▶ About this task
The entire listing that follows must be repeated exactly, pictures excluded.

▶ Information shown
BEGIN

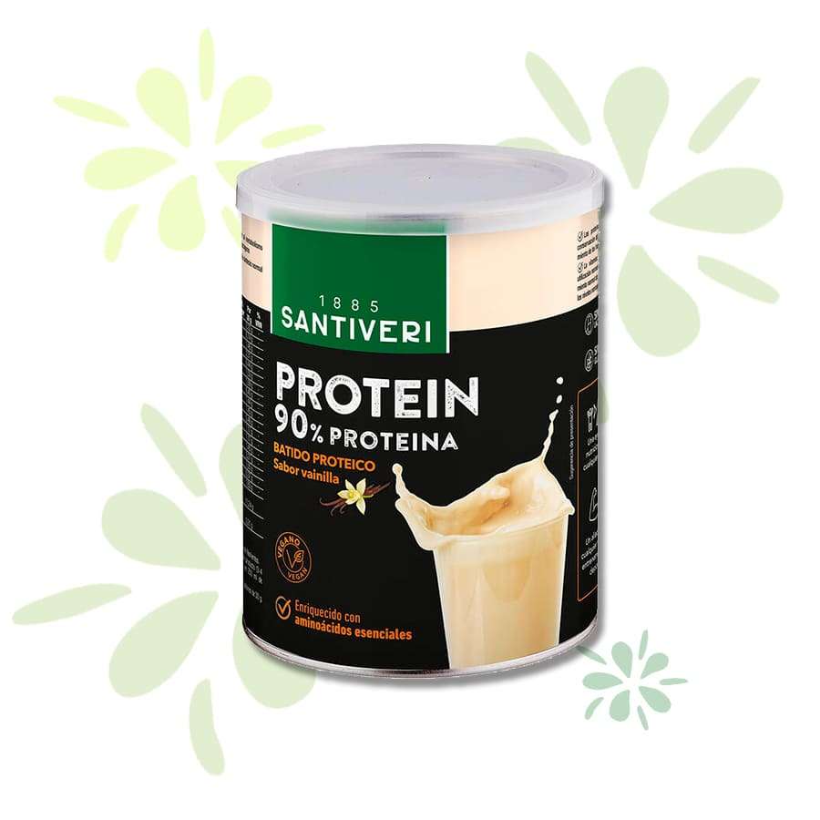 Protein 90 con sabor a vainilla de Santiveri  es un preparado alimenticio con alto contenido en  proteínas (90%) y enriquecido con aminoácidos esenciales y vitaminas.
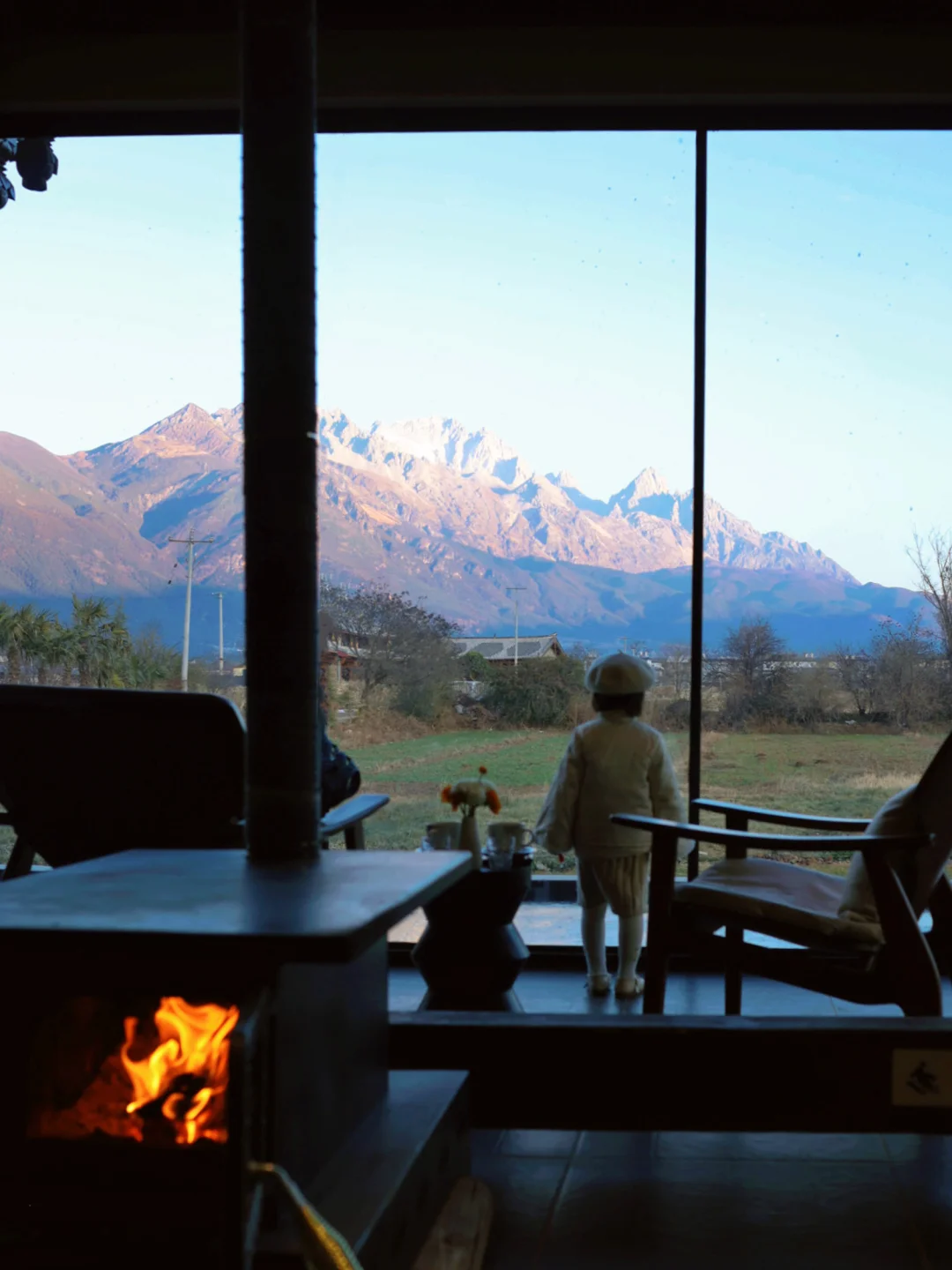 是我们这次入住的可以看雪山的民宿,就连房间也可以看到日照金山,体验感拉满
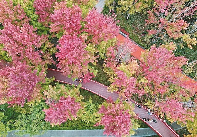10月7日,西安幸福林带枫叶进入最美观赏期,红黄绿叶片交织如画,红色栈道如丝带穿梭其间。空中俯瞰,栈道与枫林相映成绝美画卷。游客或拍照或漫步,享受秋日浪漫。图为无人机视角下的栈道和枫林。
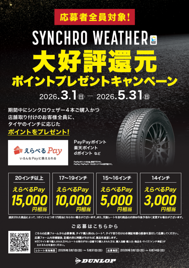 いつもタイヤランド姫路のホームページをご覧いただきありがとうございます。 2026年3月1日(日)~2026年5月31日(日)の期間中にシンクロウェザー4本購入かつ 店舗取付のお客様全員にタイヤサイズに応じたポイ...

END

▶ Result below
 Protein 90 con sabor a vainilla de Santiveri  es un preparado alimenticio con alto contenido en  proteínas (90%) y enriquecido con aminoácidos esenciales y vitaminas.
 是我们这次入住的可以看雪山的民宿,就连房间也可以看到日照金山,体验感拉满
10月7日,西安幸福林带枫叶进入最美观赏期,红黄绿叶片交织如画,红色栈道如丝带穿梭其间。空中俯瞰,栈道与枫林相映成绝美画卷。游客或拍照或漫步,享受秋日浪漫。图为无人机视角下的栈道和枫林。
 いつもタイヤランド姫路のホームページをご覧いただきありがとうございます。 2026年3月1日(日)~2026年5月31日(日)の期間中にシンクロウェザー4本購入かつ 店舗取付のお客様全員にタイヤサイズに応じたポイ...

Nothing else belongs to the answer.